Although the Internet can connect people from across the globe, 14-year-old Emma Lugner uses it to meet other kids in Park City.

Lugner is a veteran user of the MySpace.com, the popular Web site that makes blogging simple. People can log on to write journal entries, post pictures, and meet new friends. "You meet people from Park City, people from everywhere really," said the Treasure Mountain International School student. "I am friends with some people I know from Heber and Kamas, but mostly just kids at school." MySpace is free and requires no hard or software beyond an Internet connection. Posting on the Web site also requires no real computer knowledge beyond basic Internet proficiency. MySpacers customize their own site with the images and text they want to use. Park City High School senior Kelli Tompkins uses MySpace to keep in contact with friends who have moved. "I guess it’s just the most efficient way for me to keep in touch with them," said Tompkins. She just uses it for email, but a lot of Park City teens use it to blog or post pictures from dances or other events.
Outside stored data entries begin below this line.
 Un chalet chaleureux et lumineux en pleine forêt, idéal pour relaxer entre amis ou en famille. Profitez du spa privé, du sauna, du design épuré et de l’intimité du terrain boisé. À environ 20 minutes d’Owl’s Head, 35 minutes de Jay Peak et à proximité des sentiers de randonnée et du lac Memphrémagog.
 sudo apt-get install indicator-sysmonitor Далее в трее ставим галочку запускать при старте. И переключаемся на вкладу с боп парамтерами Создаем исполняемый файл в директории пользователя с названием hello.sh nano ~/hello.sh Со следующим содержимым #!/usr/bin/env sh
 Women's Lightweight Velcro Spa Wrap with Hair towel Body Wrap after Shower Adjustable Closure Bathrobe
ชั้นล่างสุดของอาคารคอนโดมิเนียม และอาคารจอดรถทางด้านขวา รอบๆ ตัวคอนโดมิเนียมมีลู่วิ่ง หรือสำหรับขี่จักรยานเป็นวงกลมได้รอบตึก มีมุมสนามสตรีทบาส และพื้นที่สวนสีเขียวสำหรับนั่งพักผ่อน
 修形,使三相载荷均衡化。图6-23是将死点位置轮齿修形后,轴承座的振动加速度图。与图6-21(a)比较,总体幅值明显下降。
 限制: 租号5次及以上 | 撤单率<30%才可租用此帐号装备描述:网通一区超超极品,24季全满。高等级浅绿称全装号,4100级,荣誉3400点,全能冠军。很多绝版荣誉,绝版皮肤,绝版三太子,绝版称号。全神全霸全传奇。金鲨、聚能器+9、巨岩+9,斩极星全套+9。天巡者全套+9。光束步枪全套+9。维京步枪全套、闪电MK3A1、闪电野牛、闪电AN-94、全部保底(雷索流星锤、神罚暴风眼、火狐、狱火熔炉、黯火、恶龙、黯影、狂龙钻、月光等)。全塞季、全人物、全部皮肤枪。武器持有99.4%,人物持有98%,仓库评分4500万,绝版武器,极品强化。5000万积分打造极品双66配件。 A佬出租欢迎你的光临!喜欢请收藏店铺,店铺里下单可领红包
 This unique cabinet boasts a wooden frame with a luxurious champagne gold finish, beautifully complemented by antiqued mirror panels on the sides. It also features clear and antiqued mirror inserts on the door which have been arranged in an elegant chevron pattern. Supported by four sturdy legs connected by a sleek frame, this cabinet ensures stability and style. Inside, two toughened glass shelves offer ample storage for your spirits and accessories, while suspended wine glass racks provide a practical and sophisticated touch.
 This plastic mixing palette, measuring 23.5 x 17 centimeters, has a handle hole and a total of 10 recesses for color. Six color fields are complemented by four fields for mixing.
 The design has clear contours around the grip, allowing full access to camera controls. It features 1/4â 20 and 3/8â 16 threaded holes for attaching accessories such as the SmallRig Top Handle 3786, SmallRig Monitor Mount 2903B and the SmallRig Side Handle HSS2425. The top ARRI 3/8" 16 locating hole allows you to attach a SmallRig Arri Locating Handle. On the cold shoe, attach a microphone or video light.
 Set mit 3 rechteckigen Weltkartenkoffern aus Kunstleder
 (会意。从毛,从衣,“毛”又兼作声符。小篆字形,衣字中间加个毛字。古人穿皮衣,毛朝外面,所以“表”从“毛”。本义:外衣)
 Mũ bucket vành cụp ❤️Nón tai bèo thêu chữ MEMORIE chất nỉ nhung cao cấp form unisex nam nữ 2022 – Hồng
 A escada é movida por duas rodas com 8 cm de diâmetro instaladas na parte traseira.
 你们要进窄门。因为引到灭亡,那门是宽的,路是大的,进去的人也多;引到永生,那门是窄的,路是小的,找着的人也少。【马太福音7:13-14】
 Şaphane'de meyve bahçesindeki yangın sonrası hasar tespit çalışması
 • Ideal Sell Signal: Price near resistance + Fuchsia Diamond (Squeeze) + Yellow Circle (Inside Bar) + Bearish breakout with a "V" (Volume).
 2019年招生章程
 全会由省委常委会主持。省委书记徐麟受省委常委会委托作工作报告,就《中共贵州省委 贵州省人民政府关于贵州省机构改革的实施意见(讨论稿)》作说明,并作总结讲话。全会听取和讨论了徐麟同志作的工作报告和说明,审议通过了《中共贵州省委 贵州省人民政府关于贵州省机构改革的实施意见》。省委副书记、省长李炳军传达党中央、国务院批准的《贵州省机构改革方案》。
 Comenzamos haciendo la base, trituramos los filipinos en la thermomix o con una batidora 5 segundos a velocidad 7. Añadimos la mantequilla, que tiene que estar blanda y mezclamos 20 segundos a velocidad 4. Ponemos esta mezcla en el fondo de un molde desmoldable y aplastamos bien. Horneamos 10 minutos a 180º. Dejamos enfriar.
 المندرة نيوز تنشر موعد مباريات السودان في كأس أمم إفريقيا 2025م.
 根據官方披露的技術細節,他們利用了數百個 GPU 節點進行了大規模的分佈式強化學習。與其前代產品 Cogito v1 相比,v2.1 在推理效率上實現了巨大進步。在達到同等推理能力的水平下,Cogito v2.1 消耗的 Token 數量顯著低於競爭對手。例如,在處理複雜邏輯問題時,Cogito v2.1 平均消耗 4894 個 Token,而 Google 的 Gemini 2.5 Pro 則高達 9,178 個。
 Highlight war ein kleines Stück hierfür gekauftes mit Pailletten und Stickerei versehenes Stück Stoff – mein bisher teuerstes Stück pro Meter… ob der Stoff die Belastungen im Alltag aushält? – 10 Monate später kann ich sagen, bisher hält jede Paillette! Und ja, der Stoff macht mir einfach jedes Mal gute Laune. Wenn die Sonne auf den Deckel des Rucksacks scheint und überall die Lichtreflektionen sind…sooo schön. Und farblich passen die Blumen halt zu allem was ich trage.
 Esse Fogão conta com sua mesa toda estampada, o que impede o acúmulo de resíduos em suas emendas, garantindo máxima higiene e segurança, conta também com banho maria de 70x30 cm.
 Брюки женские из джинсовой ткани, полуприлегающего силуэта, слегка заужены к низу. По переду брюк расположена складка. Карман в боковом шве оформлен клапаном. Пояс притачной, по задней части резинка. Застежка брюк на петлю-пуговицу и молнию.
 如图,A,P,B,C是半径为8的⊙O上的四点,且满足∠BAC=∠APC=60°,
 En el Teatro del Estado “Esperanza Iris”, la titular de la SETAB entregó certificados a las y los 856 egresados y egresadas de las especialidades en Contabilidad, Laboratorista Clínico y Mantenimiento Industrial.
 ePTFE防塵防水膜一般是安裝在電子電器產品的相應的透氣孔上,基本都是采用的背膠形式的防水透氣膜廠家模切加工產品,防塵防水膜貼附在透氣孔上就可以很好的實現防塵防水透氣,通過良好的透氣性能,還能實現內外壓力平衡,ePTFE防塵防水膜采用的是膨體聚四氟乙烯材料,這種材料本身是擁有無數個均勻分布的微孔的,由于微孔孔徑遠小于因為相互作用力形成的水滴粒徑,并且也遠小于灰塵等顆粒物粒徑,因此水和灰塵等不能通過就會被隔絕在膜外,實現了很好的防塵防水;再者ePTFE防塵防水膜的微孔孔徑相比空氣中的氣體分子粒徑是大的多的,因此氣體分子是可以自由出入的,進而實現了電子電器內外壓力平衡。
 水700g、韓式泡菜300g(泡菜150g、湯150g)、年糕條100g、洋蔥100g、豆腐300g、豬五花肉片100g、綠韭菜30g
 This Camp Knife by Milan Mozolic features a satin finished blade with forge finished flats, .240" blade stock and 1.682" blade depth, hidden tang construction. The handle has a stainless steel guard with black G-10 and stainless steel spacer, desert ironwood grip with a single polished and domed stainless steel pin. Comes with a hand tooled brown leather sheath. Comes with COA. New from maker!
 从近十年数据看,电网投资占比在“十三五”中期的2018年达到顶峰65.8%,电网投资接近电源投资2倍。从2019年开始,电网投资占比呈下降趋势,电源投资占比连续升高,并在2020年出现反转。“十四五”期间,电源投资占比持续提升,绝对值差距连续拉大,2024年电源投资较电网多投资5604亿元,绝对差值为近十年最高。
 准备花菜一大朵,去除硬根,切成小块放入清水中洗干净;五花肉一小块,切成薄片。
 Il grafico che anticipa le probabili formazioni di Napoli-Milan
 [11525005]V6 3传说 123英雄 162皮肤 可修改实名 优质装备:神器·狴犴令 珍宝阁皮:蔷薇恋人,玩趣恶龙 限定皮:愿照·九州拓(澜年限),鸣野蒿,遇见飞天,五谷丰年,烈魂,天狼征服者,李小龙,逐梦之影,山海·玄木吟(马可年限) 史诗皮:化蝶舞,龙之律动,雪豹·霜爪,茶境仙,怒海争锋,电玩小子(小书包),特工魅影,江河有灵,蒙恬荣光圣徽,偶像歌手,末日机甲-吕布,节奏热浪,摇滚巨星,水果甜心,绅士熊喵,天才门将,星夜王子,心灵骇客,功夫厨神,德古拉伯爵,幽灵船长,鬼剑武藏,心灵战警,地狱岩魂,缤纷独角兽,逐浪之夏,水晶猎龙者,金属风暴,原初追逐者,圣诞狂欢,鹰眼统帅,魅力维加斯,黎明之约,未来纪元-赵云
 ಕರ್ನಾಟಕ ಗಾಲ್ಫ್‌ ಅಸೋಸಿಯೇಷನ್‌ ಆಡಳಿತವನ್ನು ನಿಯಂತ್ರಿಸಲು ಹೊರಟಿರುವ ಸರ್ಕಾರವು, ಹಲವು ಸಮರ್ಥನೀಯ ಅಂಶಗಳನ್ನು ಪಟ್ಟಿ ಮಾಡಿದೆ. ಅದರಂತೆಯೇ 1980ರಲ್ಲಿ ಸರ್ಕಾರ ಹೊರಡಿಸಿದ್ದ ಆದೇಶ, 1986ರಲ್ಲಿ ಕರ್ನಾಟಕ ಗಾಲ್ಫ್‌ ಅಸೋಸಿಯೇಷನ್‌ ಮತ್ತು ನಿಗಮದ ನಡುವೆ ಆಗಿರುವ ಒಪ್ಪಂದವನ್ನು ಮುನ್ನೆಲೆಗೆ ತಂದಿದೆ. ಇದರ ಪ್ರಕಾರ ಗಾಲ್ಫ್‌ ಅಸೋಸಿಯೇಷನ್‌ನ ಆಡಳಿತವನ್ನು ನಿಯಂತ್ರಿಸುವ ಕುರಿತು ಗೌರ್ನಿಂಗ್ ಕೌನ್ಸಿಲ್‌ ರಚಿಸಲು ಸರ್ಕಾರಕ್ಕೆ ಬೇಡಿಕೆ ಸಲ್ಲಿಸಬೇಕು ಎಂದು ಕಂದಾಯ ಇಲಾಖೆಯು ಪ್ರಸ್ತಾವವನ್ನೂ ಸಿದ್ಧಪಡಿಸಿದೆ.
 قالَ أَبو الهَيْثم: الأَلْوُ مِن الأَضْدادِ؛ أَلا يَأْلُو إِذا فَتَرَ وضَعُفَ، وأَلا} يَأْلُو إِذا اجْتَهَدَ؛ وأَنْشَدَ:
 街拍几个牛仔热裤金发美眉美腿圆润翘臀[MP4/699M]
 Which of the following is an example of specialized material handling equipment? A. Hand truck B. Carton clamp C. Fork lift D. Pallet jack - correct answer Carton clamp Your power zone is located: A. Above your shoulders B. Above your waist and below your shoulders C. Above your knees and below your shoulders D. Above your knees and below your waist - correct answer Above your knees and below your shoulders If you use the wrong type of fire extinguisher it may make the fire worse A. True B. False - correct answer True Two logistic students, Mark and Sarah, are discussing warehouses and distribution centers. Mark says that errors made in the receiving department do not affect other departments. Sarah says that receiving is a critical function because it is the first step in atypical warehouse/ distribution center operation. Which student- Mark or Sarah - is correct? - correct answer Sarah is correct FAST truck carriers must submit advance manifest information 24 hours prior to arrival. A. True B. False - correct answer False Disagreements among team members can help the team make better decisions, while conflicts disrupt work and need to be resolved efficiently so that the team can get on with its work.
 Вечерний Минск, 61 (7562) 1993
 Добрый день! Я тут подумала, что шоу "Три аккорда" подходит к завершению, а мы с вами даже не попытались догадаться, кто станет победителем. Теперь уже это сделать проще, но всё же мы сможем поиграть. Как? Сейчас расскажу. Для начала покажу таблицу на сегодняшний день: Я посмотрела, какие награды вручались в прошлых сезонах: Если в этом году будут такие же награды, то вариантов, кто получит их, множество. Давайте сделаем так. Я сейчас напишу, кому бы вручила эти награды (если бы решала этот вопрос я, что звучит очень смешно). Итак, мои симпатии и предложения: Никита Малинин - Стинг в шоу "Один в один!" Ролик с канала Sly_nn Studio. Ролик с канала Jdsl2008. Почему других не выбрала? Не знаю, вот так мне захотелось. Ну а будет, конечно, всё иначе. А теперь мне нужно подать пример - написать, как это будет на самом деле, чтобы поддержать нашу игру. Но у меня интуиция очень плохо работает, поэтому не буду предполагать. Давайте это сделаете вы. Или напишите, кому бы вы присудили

Park City High School junior Stephanie Stoler said, "It’s a fun environment, you have the ability to meet a lot of cool people from around the world that see something on your profile that catches their eye. The ability to share pictures is a great feature, and having a lot of my favorite bands use MySpace is very cool indeed. I enjoy the bulletin factor, which give you a chance to shout something out to all of your friends at once." Park City High School 2005 graduate Elizabeth Leader uses MySpace to keep in contact with friends while she’s at Claremont Mckenna College in California. In one blog, she writes: "Hello my lovelies. I miss you and am thinking of you all often. But college life is treating me very nicely. I would be ecstatic if you dropped me a note (if even a free postcard from a restaurant). Or the bill for something of yours I damaged. That works too." Parents: up and in your business? "I like MySpace because it’s only between you and your friends really," Lugner said. "Your parents aren’t always up and in your business. It’s a more advanced email connection, you can see pictures. You don’t have to use the phone for people who are long distance."

In fact, some of the material posted on MySpace could get teens in trouble. Max, a 17-year-old Parkite who uses MySpace under the screen name Maxipad, emailed The Park Record.

"Park City teens find it okay to meet adults off of MySpace or put pictures of them at their ‘Deer Valley parties’ where they are all drinking or smoking reefer on their pages," Max wrote. He also that sometimes teens form groups against teachers and students and recruit others to these groups and "really hurt people’s feelings." Technically, people have to be 16 to use MySpace, but "it doesn’t really matter" as long as they use it safely, Lugner said. "A lot of parents don’t like their kids using AOL Instant Messenger because you can get messages from people you don’t know, but on MySpace you’re in control of everything," Lugner said.